## [HOW TO COMPLETE THIS TASK]
Every entry below must be retyped exactly, and the pictures must be left out.
━━━━━ INFORMATION PROVIDED ━━━━━
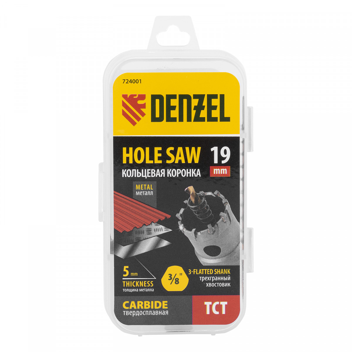 Коронка по металлу твердосплавная, 19 мм Denzel
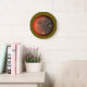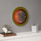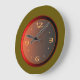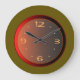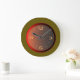 En atmosfärisk väggklocka i varmt mossgrönt med ljuseffekter i rött! Denna klockdesign har också siffror i citron-gul !
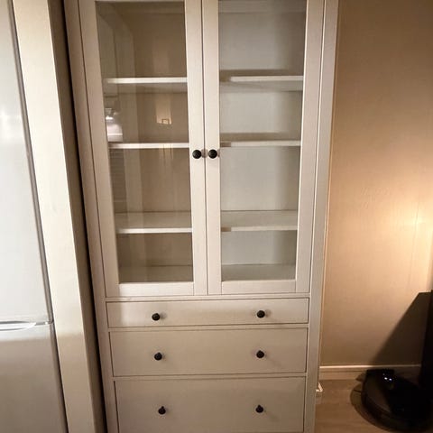 Hemnes vitrineskap i meget bra stand selges billig pga flytting, til bare 1950,- ny pris 3795,- kan kjøres for pris i tillegg
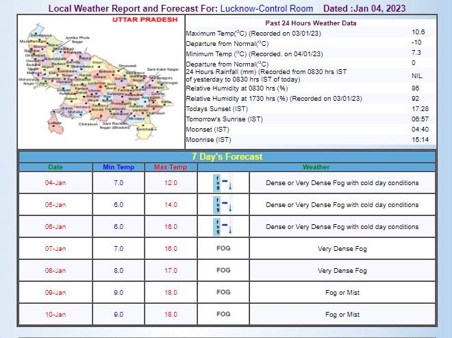 उत्तर प्रदेश की राजधानी लखनऊ में आज न्यूनतम तापमान 7 डिग्री और अधिकतम तापमान 12 डिग्री दर्ज किया जा सकता है. वहीं, लखनऊ में आज भी घना कोहरा और कोल्ड डे की स्थिति देखने को मिल रही है. मौसम विभाग ने सात जनवरी तक राज्य के 27 जिलों में घने कोहरे और कोल्ड डे के लिए रेड अलर्ट जारी किया है. वहीं, 31 जिलों में बेहद खराब मौसम की चेतावनी भी जारी की गई है.
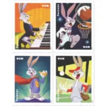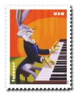 About the stamp designs: Features Bugs Bunny as a piano player, with artwork from Warner Bros. animation artists.
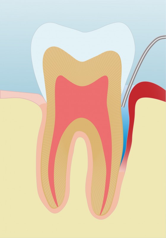 В результате перехода инфекции с верхушки корня на периодонт происходит разрушение его части, сопровождающееся образованием гнойного мешочка (абсцесса). При периодонтите воспаление затрагивает как сам зуб, так и окружающие его ткани (периодонтит - следующая за пульпитом стадия воспаления).
━━━━━
## [REPLY]
 Коронка по металлу твердосплавная, 19 мм Denzel
 En atmosfärisk väggklocka i varmt mossgrönt med ljuseffekter i rött! Denna klockdesign har också siffror i citron-gul !
 Hemnes vitrineskap i meget bra stand selges billig pga flytting, til bare 1950,- ny pris 3795,- kan kjøres for pris i tillegg
 उत्तर प्रदेश की राजधानी लखनऊ में आज न्यूनतम तापमान 7 डिग्री और अधिकतम तापमान 12 डिग्री दर्ज किया जा सकता है. वहीं, लखनऊ में आज भी घना कोहरा और कोल्ड डे की स्थिति देखने को मिल रही है. मौसम विभाग ने सात जनवरी तक राज्य के 27 जिलों में घने कोहरे और कोल्ड डे के लिए रेड अलर्ट जारी किया है. वहीं, 31 जिलों में बेहद खराब मौसम की चेतावनी भी जारी की गई है.
 About the stamp designs: Features Bugs Bunny as a piano player, with artwork from Warner Bros. animation artists.
 В результате перехода инфекции с верхушки корня на периодонт происходит разрушение его части, сопровождающееся образованием гнойного мешочка (абсцесса). При периодонтите воспаление затрагивает как сам зуб, так и окружающие его ткани (периодонтит - следующая за пульпитом стадия воспаления).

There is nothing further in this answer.